For a more “in-depth” travel in Apple Accelerate framework usage for FFT see this article(link).
To be sure that we use the Accelerate framework appropriatly, we need some test datas. Here are some nice explanation: http://www.sccon.ca/sccon/fft/fft3.htm
In short the result of an FFT is Imaginary and the other, real. The real part is the magnitudes for a given frequency, the Imaginary part will be used later.
Go to the code!
Perform the FFT
public func fft(_ input: [Float]) -> (real:[Float], img:[Float]) {
// Input is the real part
var real = input
let size = real.count
// prepare a recipient for the Imaginary part (filled with zero by default)
var imaginary = [Float](repeating: 0.0, count: size)
var splitComplex = DSPSplitComplex(realp: &real, imagp: &imaginary)
// the size has to be a power of 2
let length = vDSP_Length(floor(log2(Float(size))))
let radix = FFTRadix(kFFTRadix2)
let weights = vDSP_create_fftsetup(length, radix)
// perform the FFT
vDSP_fft_zip(weights!, &splitComplex, 1, length, FFTDirection(FFT_FORWARD))
// clean
vDSP_destroy_fftsetup(weights)
return (real,imaginary)
}
Test in on Playground
Using a sine wave as input for the fft function:
As we can see, the real part is mirrored 2.
So in our case, we will use only the first half of this result.
First steps to the Spectrogram
Three informations are available in the spectrogram built here:
- Magnitudes
- Time
- Frequencies
How to know at what time this magnitude appears?
Let’s use a sound file to understand how it works.
A sound file has a sample rate, for example: 8kHz.

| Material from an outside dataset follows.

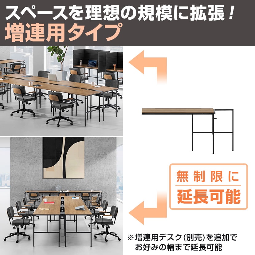 用途や人数に合わせて追加の連結が可能。必要台数を追加することで、従業員の増員に対応。また連結を外して台数を調節することにより、テレワークの導入で出社率に増減がある場合など、新しい働き方にも柔軟に対応できます。フリーアドレス以外に、ミーティングやコワーキングスペースでの使用など、オフィスに幅広く活用できるデスクです。

It means, that it store 8k informations for 1 second.
On the other side, for a given array of samples, and a known sample rate, we can get the “duration” of this array.
Basically:
numberOfSample/sampleRate = totalDuration
To get more precise information on a small part of that audio file, we need to chunk it and give that chunk to the fft function.
Generally: the small part given to the fft function is a power of 2.
Let say: for a chunks of 1024 for a sample rate of 8kHz, what kind of duration is it?
1024/8000 = 0.128s
The time interval in this case is: 0.128s.
In this context 1024 samples represent 0.128s of the recorded sound
- Magnitudes
- Time
- Frequencies
How to correlate frequencies with the computed magnitudes?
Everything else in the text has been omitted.